Knowing the evils and temptations of our world, my wife and I sought to shield our children through endless activity. Like many other parents, we got our son involved in hockey and our daughter in dance; our goal was to keep our children busy and thus not give them a chance to get in trouble. However, I now realize that in engaging in a futile attempt to shield our children from battle with the devil we were instead merely failing to equip our children for their inevitable battles with Satan. We attempted a human solution to a spiritual problem, and our human limitations and inadequacies resulted in failure. We failed to fill our children with Christ, and instead left a vacuum too easily exploited by Satan.

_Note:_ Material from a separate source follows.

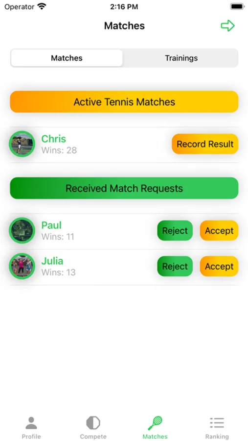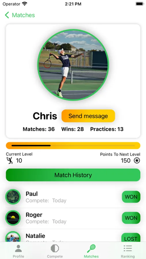 - Messaging system, which allows players to communicate and arrange matches/training with others. This makes it easy for users to find opponents and set up competitions in a timely and efficient manner.

In focusing our children on endless activity we created selfish, self-centered children. By failing to involve them in Catholic charitable works we taught them to believe they were the centers of their own universes. We replaced rosaries, adoration and bible study with ice time, games and recitals. We missed Sunday Masses for tournaments and catechism for performances, and we rationalized it by asserting that it was ‘for the best.’ How wrong we were.

Today, both of our children have left the Church. Our daughter is living with a man and has had an abortion; our son has experimented with drugs and regards the Church with contempt and cynicism. Our first priority should have been to pass on the faith and to teach trust in the Lord; instead, we relied on our human intellect and put our faith in schemes of this world.

If I could only go back in time I’d make every Sunday Mass as a family, lead my family in a weekly rosary, take my children to pray in front of an abortion clinic, lead them in prayer before the Blessed Sacrament, and help them volunteer at a soup kitchen. For despite our best efforts and intentions there still were times my children were alone and lonely, tired and weak, hungry and desirous. I failed to anticipate and prepare my children for those inevitable times of temptation, and the devil had been patiently waiting.

Father, please print my letter in the church paper. If it will serve as a warning to at least one family it may help them to avoid the pain and regret my wife and I have experienced.